HOW TO COMPLETE THIS TASK: Every entry below must be repeated exactly; skip the pictures.

[DATA UNDER STUDY Boundary: Start]

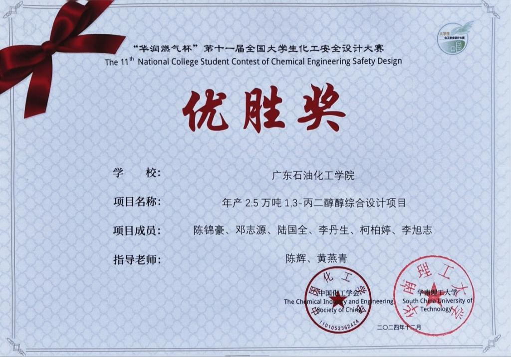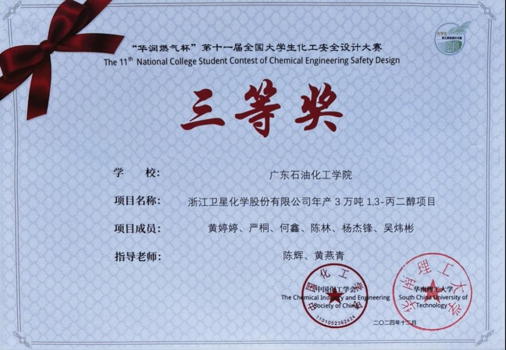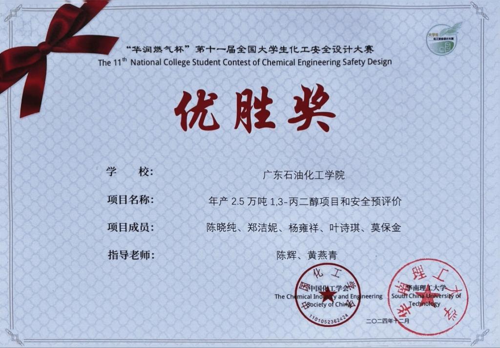 近日,“华润燃气杯”第十一届全国大学生化工安全设计大赛落下帷幕,经过近7个月的艰苦努力和奋力拼搏,由陈辉和黄燕青老师指导的三支队全部获奖, 其中安全合醇队团队(成员:黄婷婷、严桐、何鑫、陈林、杨杰锋、吴炜彬)获三等奖,Dream Chaser团队(陈锦豪、邓志源、陆国全、李丹生、柯柏婷、李旭志)与醇一不杂团队(陈晓纯、郑洁妮、杨雍祥、叶诗琪、莫保金)获优胜奖。
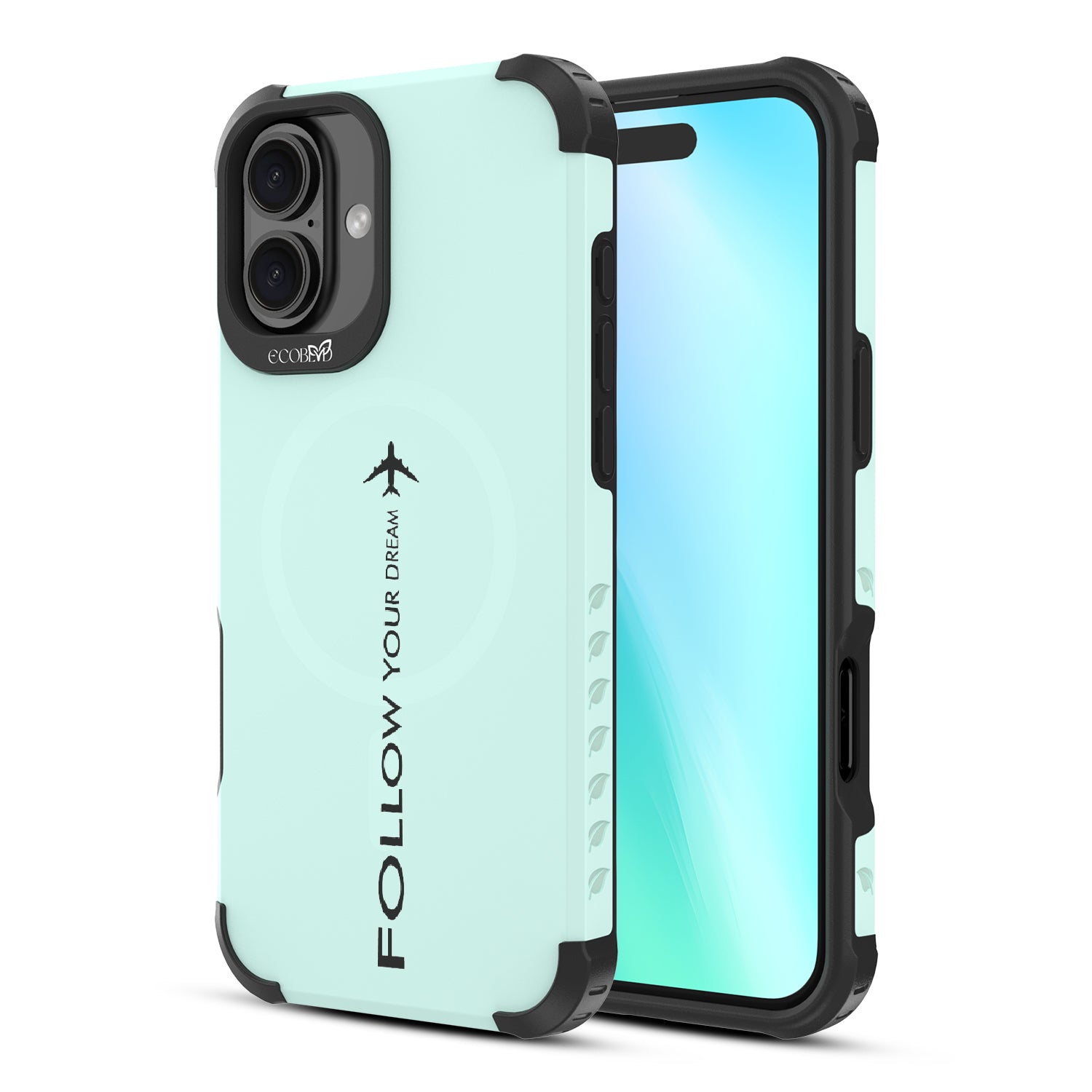 Let your aspirations take flight with the Follow Your Dreams design on our Reforge rugged iPhone 16 Plus phone case. As the airplane streaks across the design, trailing empowering words behind it, envision yourself soaring to new heights and exploring the destinations of your dreams. Whether it's wandering through ancient ruins, lounging on tropical beaches, or marveling at breathtaking landscapes.
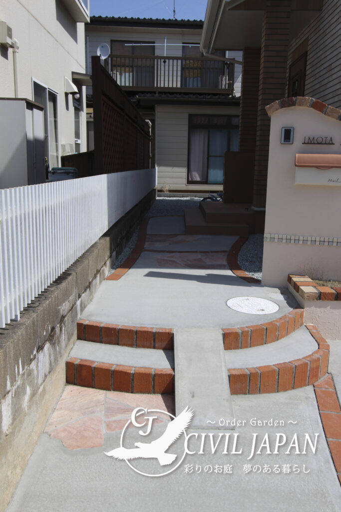 センター部分に自転車が登れるようにスロープを付けてあります。アプローチにはアクセントで天然石を使いました。
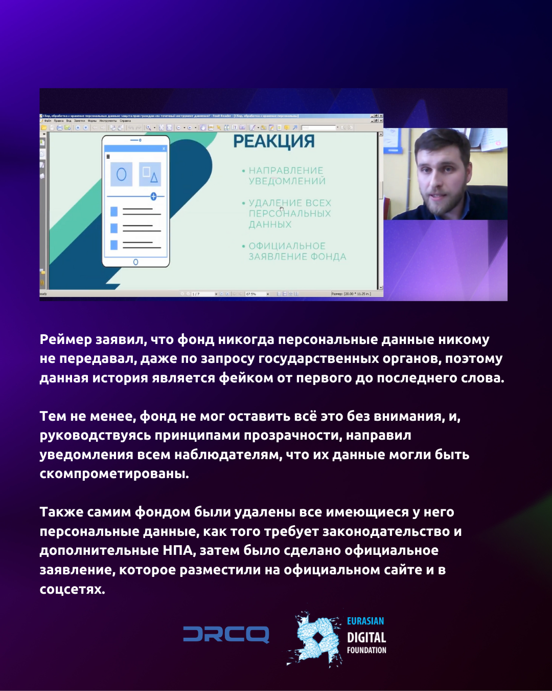 Реймер заявил, что фонд никогда персональные данные никому не передавал, даже по запросу государственных органов, поэтому данная история является фейком от первого до последнего слова.
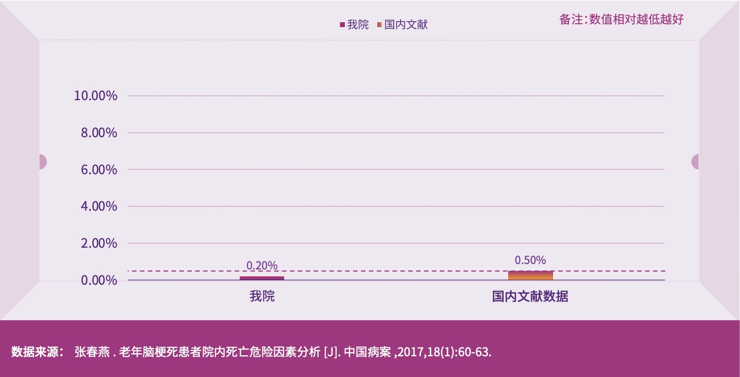 脑梗死住院死亡率是衡量救治危重症脑梗死的重要指标 , 国内文献报道数据 0.5%,我院2022年数据为 0.2%。

[DATA UNDER STUDY Boundary: End]

ANSWER AREA:
 近日,“华润燃气杯”第十一届全国大学生化工安全设计大赛落下帷幕,经过近7个月的艰苦努力和奋力拼搏,由陈辉和黄燕青老师指导的三支队全部获奖, 其中安全合醇队团队(成员:黄婷婷、严桐、何鑫、陈林、杨杰锋、吴炜彬)获三等奖,Dream Chaser团队(陈锦豪、邓志源、陆国全、李丹生、柯柏婷、李旭志)与醇一不杂团队(陈晓纯、郑洁妮、杨雍祥、叶诗琪、莫保金)获优胜奖。
 Let your aspirations take flight with the Follow Your Dreams design on our Reforge rugged iPhone 16 Plus phone case. As the airplane streaks across the design, trailing empowering words behind it, envision yourself soaring to new heights and exploring the destinations of your dreams. Whether it's wandering through ancient ruins, lounging on tropical beaches, or marveling at breathtaking landscapes.
 センター部分に自転車が登れるようにスロープを付けてあります。アプローチにはアクセントで天然石を使いました。
 Реймер заявил, что фонд никогда персональные данные никому не передавал, даже по запросу государственных органов, поэтому данная история является фейком от первого до последнего слова.
 脑梗死住院死亡率是衡量救治危重症脑梗死的重要指标 , 国内文献报道数据 0.5%,我院2022年数据为 0.2%。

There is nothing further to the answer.